YOUR TASK =>
Leaving out every picture, copy the lines of the material below exactly, from the line containing "- 江苏省苏州市姑苏区2024-2025学年九年级上学期期中考试历史卷(含答案) 2025-09-21" through the line containing "Заказывали матрас LatrixСлумбер.".

INPUT MATERIAL START

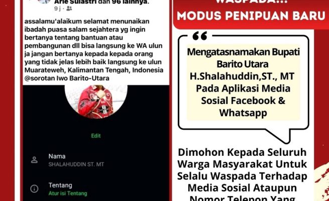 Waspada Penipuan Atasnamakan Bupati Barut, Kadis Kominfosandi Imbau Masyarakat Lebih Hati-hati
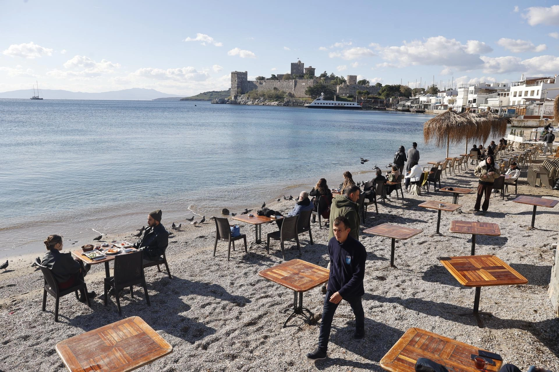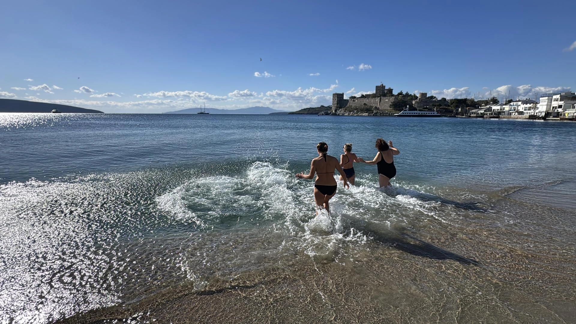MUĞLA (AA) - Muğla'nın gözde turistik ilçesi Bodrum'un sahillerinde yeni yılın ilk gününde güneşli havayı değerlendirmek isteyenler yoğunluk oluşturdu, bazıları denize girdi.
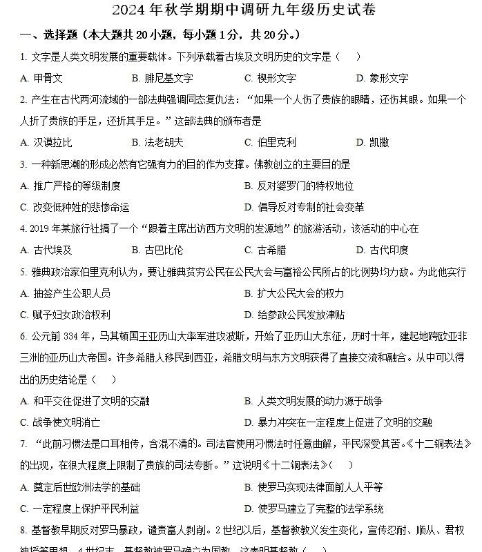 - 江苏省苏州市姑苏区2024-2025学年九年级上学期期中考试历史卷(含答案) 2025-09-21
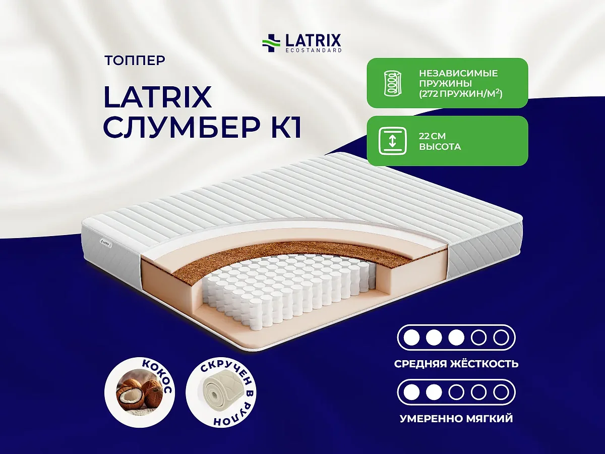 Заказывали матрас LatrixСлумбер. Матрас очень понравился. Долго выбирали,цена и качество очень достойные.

INPUT MATERIAL END
INPUT MATERIAL START

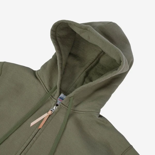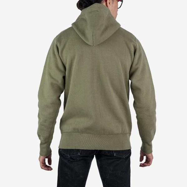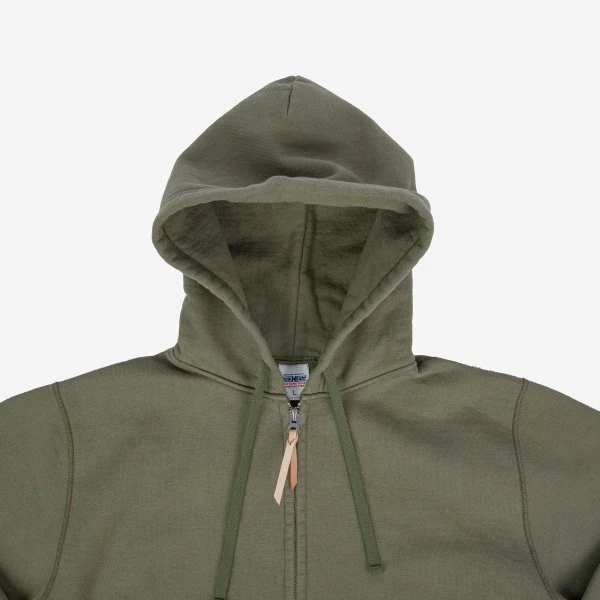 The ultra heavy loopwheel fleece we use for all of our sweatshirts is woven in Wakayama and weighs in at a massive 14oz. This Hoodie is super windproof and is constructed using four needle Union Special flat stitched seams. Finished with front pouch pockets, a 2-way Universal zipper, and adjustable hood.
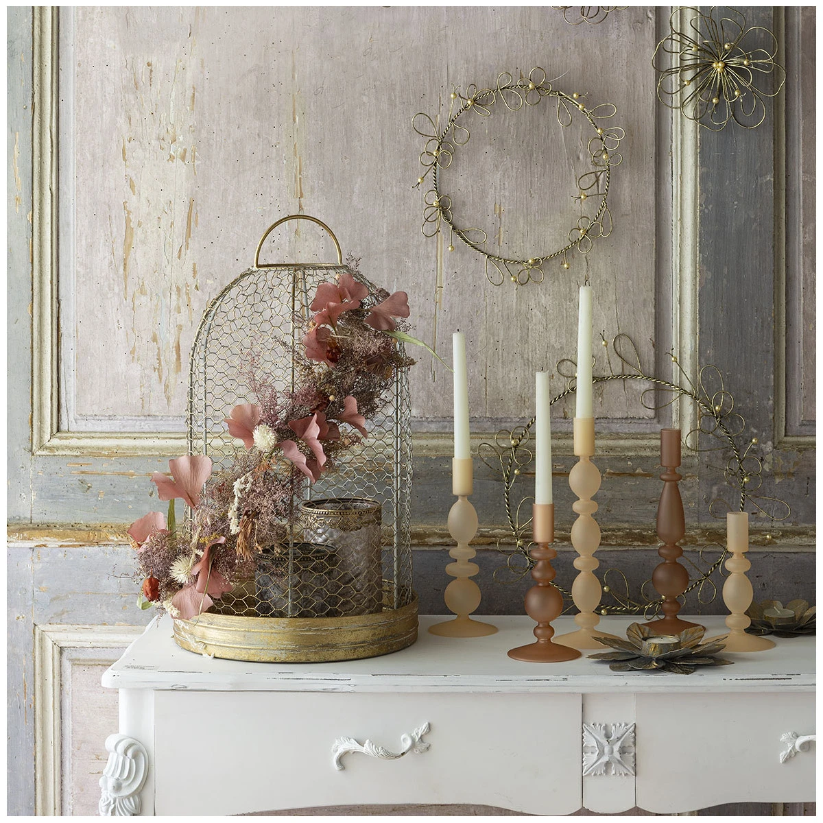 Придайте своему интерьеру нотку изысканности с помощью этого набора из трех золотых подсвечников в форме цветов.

INPUT MATERIAL END
INPUT MATERIAL START

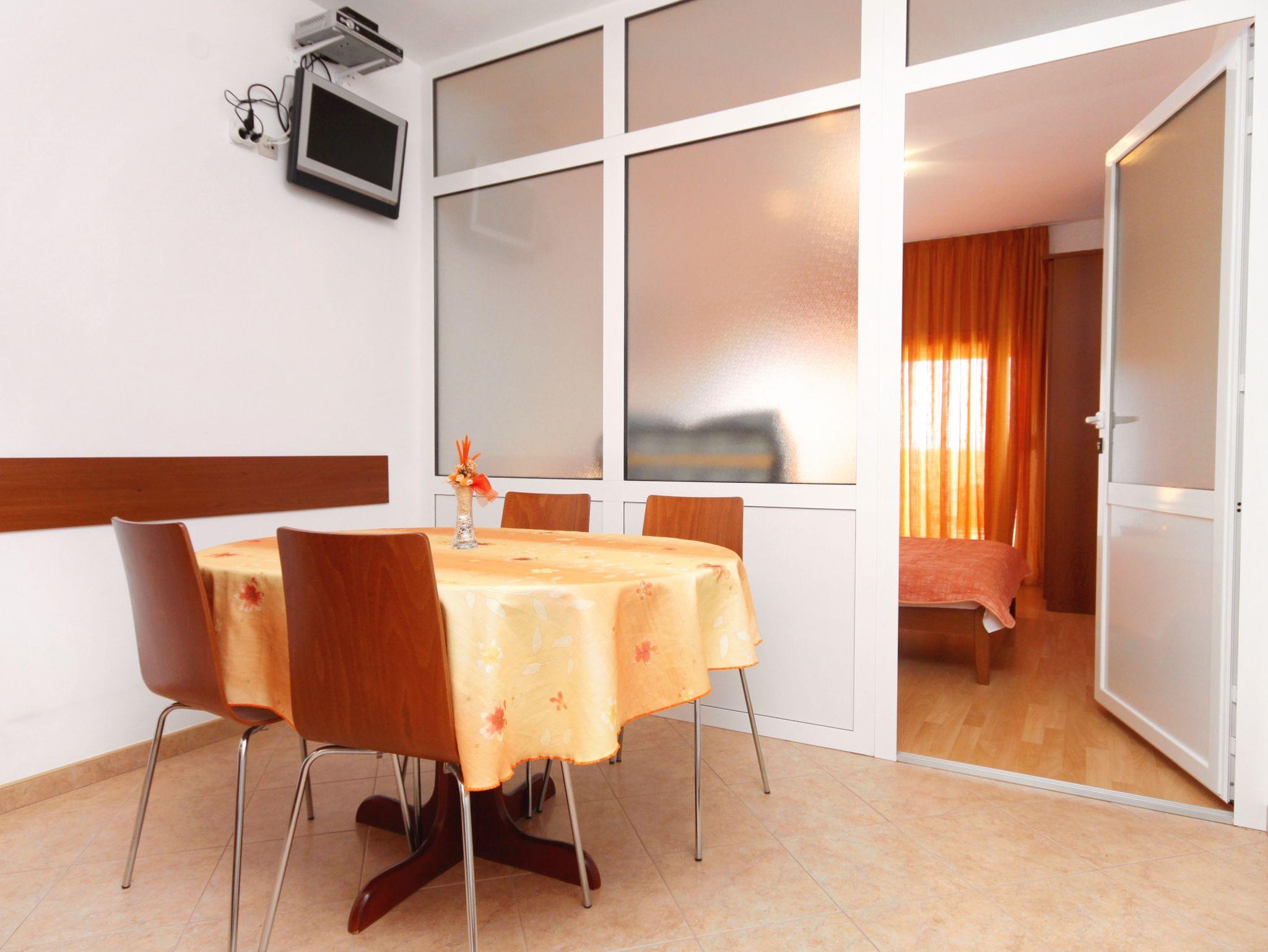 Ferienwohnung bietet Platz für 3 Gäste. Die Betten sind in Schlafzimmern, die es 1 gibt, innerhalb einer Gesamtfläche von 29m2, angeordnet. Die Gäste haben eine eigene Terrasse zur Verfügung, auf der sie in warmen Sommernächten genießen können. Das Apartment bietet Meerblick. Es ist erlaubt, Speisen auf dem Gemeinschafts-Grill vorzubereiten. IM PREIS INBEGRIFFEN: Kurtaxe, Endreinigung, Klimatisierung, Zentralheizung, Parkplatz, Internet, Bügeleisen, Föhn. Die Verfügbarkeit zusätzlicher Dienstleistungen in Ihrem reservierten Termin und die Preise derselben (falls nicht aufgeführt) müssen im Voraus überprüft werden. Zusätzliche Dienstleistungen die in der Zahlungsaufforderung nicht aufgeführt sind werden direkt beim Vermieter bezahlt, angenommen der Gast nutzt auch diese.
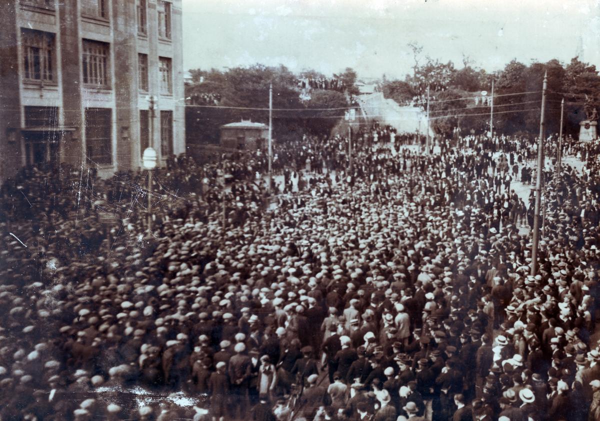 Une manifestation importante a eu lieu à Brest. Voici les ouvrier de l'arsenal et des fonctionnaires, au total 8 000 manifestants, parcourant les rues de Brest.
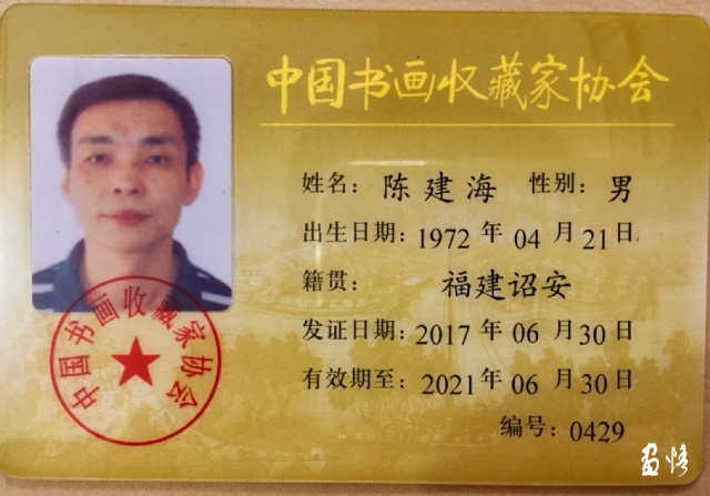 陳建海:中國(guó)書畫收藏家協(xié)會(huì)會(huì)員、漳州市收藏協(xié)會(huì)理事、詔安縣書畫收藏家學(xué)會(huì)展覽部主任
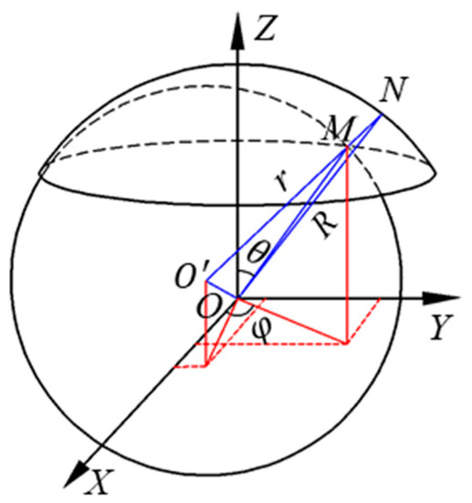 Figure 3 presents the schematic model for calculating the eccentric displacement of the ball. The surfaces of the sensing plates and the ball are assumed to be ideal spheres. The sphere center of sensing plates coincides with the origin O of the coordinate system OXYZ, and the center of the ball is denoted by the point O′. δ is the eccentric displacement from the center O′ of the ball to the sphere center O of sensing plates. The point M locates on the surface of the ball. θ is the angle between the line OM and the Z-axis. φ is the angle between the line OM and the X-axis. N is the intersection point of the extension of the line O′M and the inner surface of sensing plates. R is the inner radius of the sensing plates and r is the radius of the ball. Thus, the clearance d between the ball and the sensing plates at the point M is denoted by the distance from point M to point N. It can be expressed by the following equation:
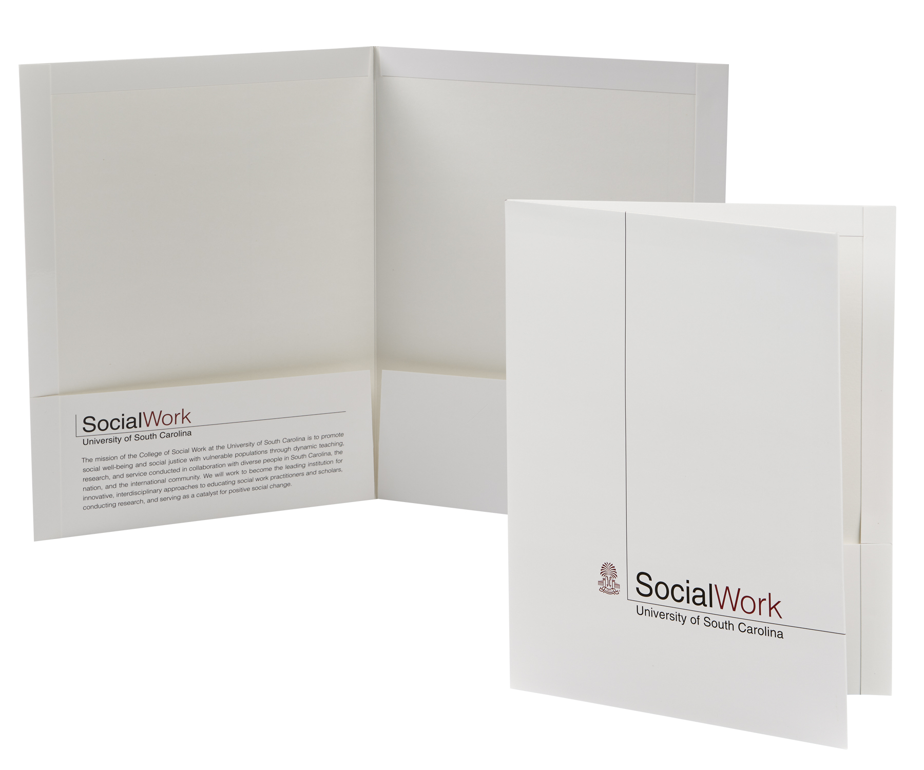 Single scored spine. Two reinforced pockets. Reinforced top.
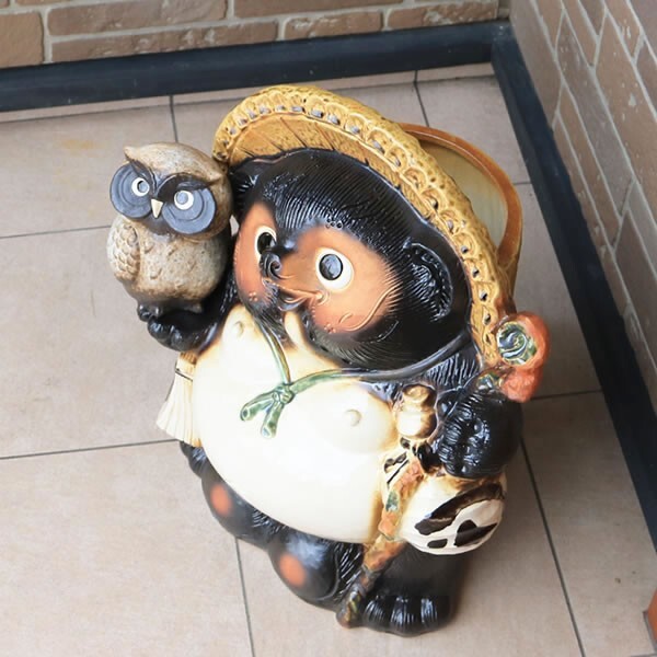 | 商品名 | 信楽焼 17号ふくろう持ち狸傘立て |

INPUT MATERIAL END

FINISHED EXERCISE =>
 - 江苏省苏州市姑苏区2024-2025学年九年级上学期期中考试历史卷(含答案) 2025-09-21
 Заказывали матрас LatrixСлумбер. Матрас очень понравился. Долго выбирали,цена и качество очень достойные.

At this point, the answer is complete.